Beam-search Decoders

It is implemented in the Decode.cpp which is compiled into binary build/bin/fl_asr_decode.

1. Beam-search Decoder Types

We support lexicon-base beam-search decoder and lexicon-free beam-search decoder for acoustic models trained with CTC, ASG and Seq2Seq criterion.

1.1 Lexicon-based beam-search decoder (uselexicon=true)

For a lexicon-based decoder we restrict our search by the lexicon provided by a user. In other words, generated transcriptions only contain words from the lexicon.

The lexicon is a mapping from words to their tokens sequence, spellings. The tokens set should be identical to the one used in AM training. For example, if we train AM with letters as a token set {a-z} then the word “world” should have the spelling “w o r l d”.

To optimize the decoding performance, spellings of the words are stored in a Trie. Each node in the Trie corresponds to a token. Some nodes, usually the leaf nodes, represent valid words containing the spelling of tokens on the path from Trie root to it. In case we have “hello”, “world“, ”pineapple“, ”pine“ in the lexicon and letters are our tokens set we will have as a trie:

root → h → e → l → l → o ([hello])
root → w → o → r → l → d ([world])
root → p → i → n → e ([pine]) → a → p → p → l → e → ([pineapple])

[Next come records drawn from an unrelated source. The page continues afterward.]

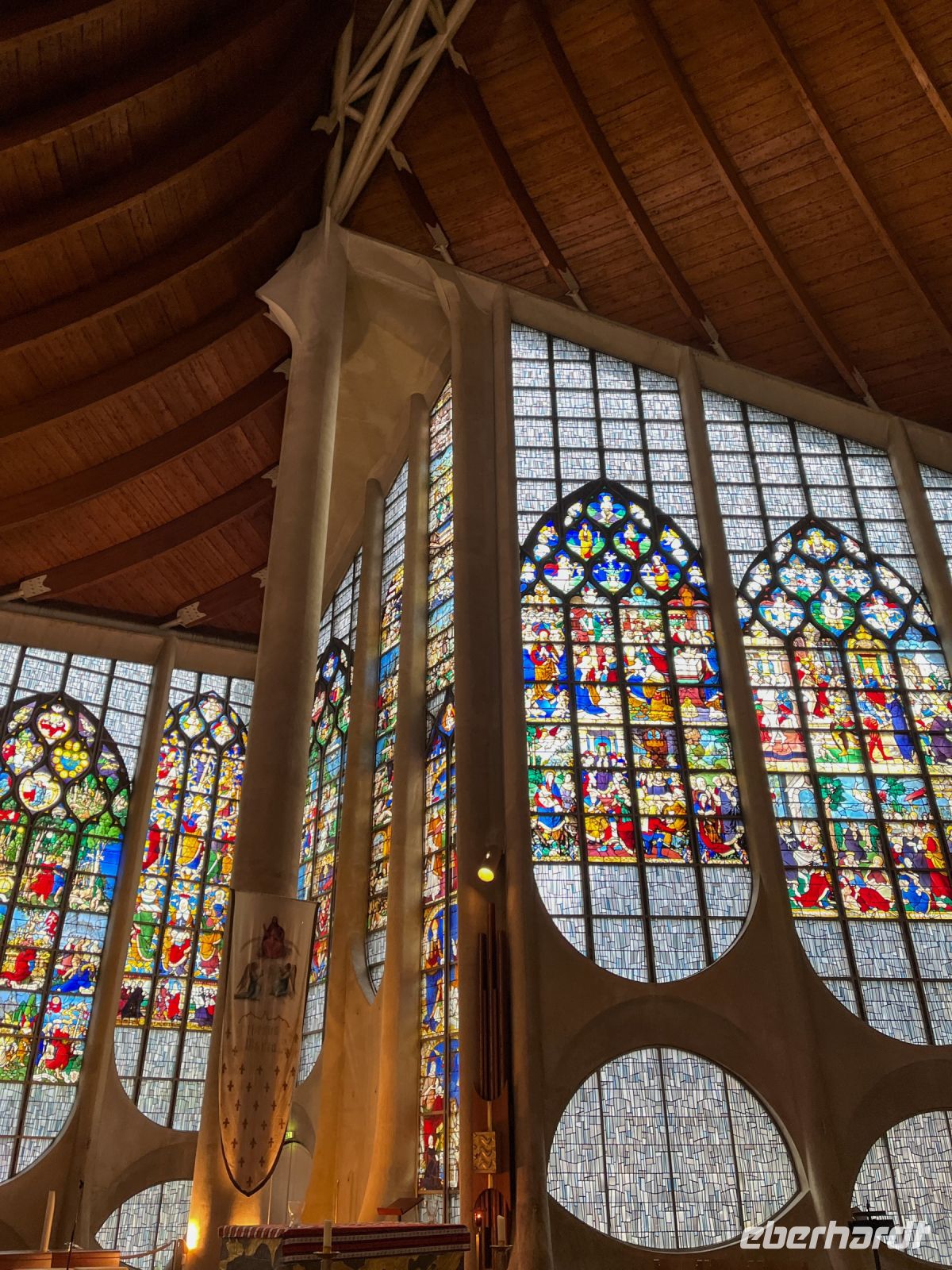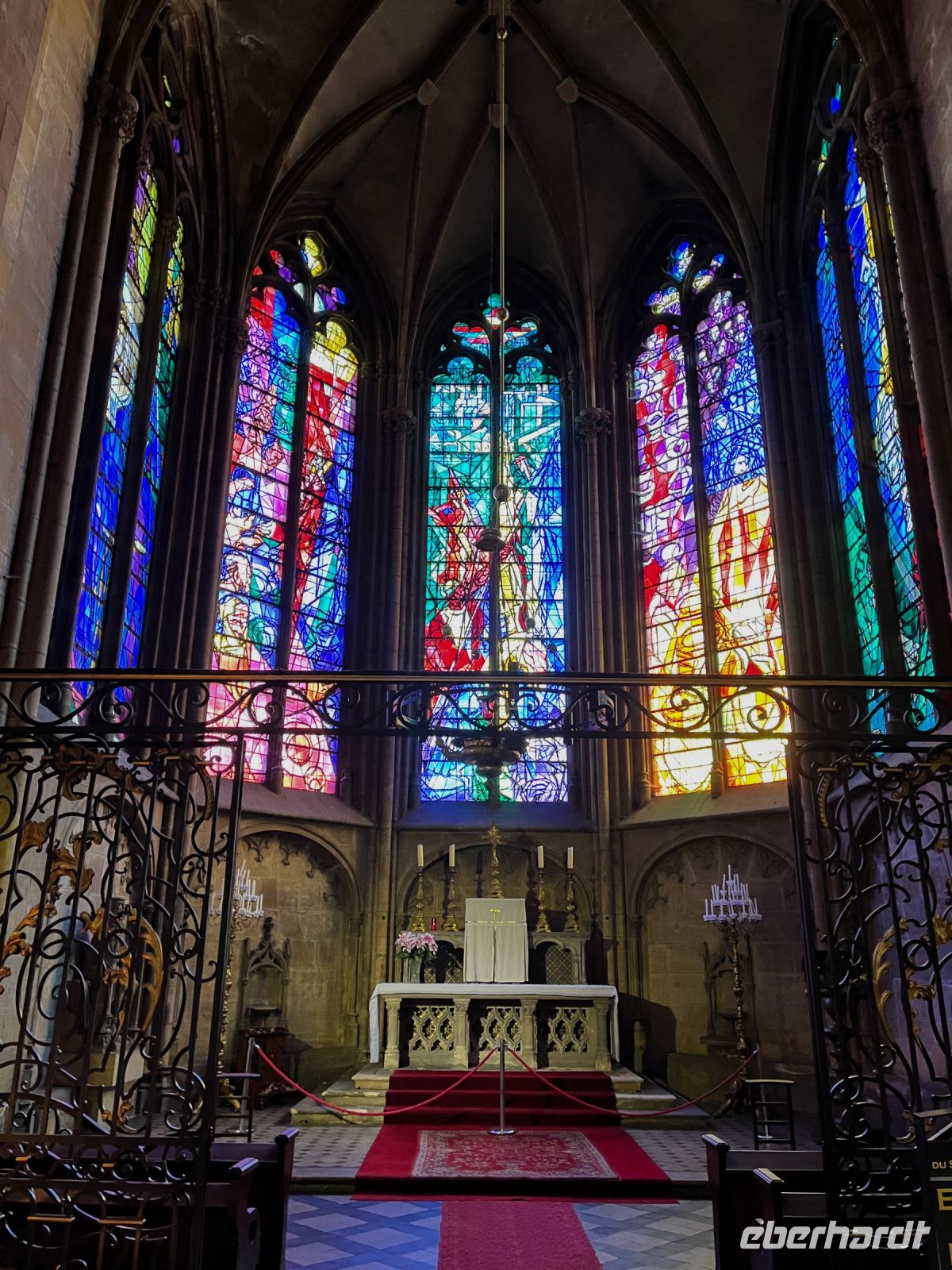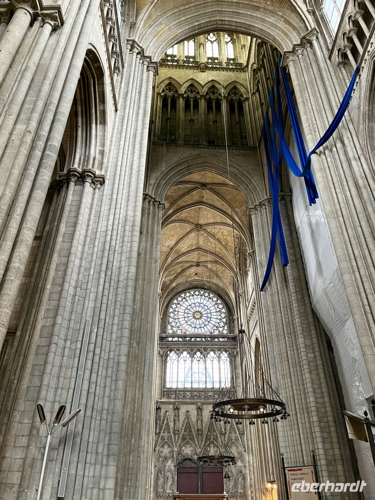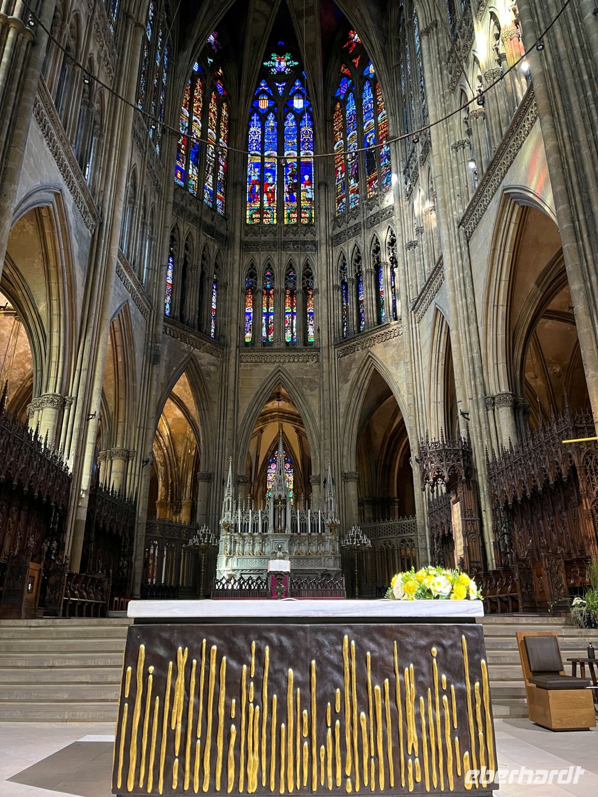 Als nächstes erwartete uns kein Schloss – sondern eine Kathedrale, die Kathedrale von Chartres. Schon von weitem kann man die Silhouette erkennen, die die umliegende Stadt überragt. Ganze 113 Meter ist der sakrale Bau hoch! Auffällig ist neben der Größe auch die beiden unterschiedlich gestalteten Türme. In das Innere der Kathedrale, die 1260 fertiggestellt wurde, gelangt man über 3 unterschiedliche Eingangsportale, die jeweils Szenen aus dem Leben Jesus darstellen. Drinnen angekommen überrascht die Kathedrale mit vielen Eigenheiten. Die großen Fenster fallen hier direkt ins Auge. Diese sind seit dem Mittelalter unzerstört und für sie wurde extra eine neue Glasfarbe entwickelt, die Chartres-Blau genannt wird. Die Reinheit der Farbe macht sie zu etwas ganz Besonderem. Wenn der Boden nicht mit Stühlen vollgestellt ist, kann man hier ein Labyrinth aus dem 13. Jahrhundert entdecken. Es hat einen Durchmesser von mehr als 12 Metern und bedeckt einen großen Abschnitt des Bodens.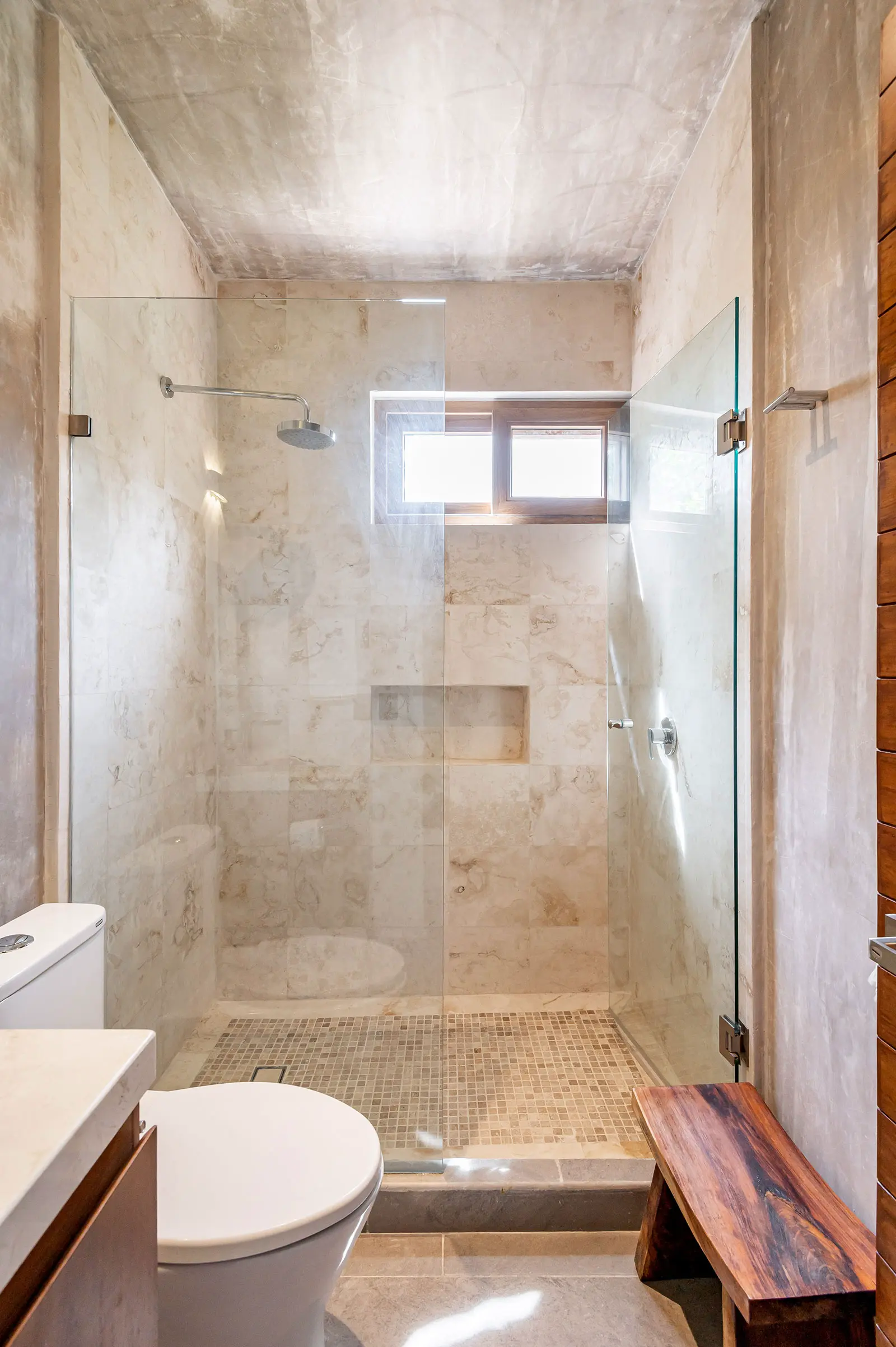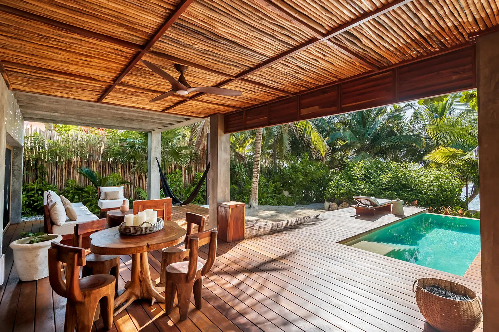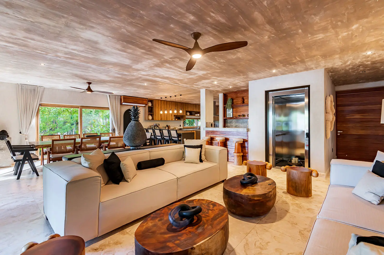Designed for larger parties, the property accommodates up to 20 guests in nine expansive bedrooms, offering generous proportions and a thoughtful distribution of space. The interiors are anchored in chukum style, where smooth grey cement surfaces are softened by locally sourced wooden accents. This combination creates a cohesive aesthetic that runs throughout the villa, giving each area a contemporary yet grounded feel suited to extended stays with family or friends.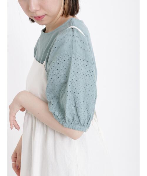 サイドや袖を刺しゅうレースで切り替えたカットソー。 カーブを付けた前裾のスリットも、スタイリングにこなれ感をプラスしてくれます。ボリュームのあるスリーブも可愛らしいポイント。 コーディネートに取り入れるだけで、甘さのあるスタイリングに決まるアイテムです。 ※商品画像は、撮影環境やお客様のご利用のPC・スマートフォンのモニター環境などにより実物と色味に差異がある場合がございます。 【その他採寸】 F 着丈:[前]58.5cm[後]64cm

Note We forced to have up to 6 words with the same spelling, others will be ignored in the inference. So if you have more than 6 words in the lexicon, you need to update this constant.

1.2 Lexicon-free beam-search decoder (uselexicon=false)

The lexicon-free beam-search decoder considers any possible token as candidates and there is no notion of words during decoding. In this case, a word separator should be set by wordseparator and included into tokens set for AM training. The word separator is treated and predicted as all the other normal tokens. After obtaining the transcription in tokens, word separator is used to split the sequence into words. Usually, when we use word-pieces as target units, the word separator can be part of the token. To correctly handle this case, one should set --usewordpiece=true.

2. Beam-search Optimization

At each decoding step, we preserve only top beamsize hypotheses in the beam according to their accumulated scores. Apart from the beam size, beamthreshold is used to limit the score range of the hypothesis in the beam, i.e. hypothesis, whose score gaps from the best are larger than this threshold, are also removed from the beam. In addition, we can also restrict the number of tokens to propose for each hypothesis. The tokens beam size beamsizetoken limits the search space to only the top tokens according to AM scores. This is extremely useful for lexicon free decoding, since there is no lexicon constraint.

3. Language Model Incorporation

In the beam-search decoder, a language model trained with external data can be included and its scores (log-probability) will be accumulated together with AM scores.

3.1 Level of language model tokens

LM can be operated on either words or tokens (which is the same as the ones used to train AM). In other words, the LM can be queried each time when a new word or token is proposed. One can set this with decodertype. Note that word-based LM can be used only with lexicon-based beam-search decoder, i.e. if --decodertype=wrd then uselexicon flag is ignored.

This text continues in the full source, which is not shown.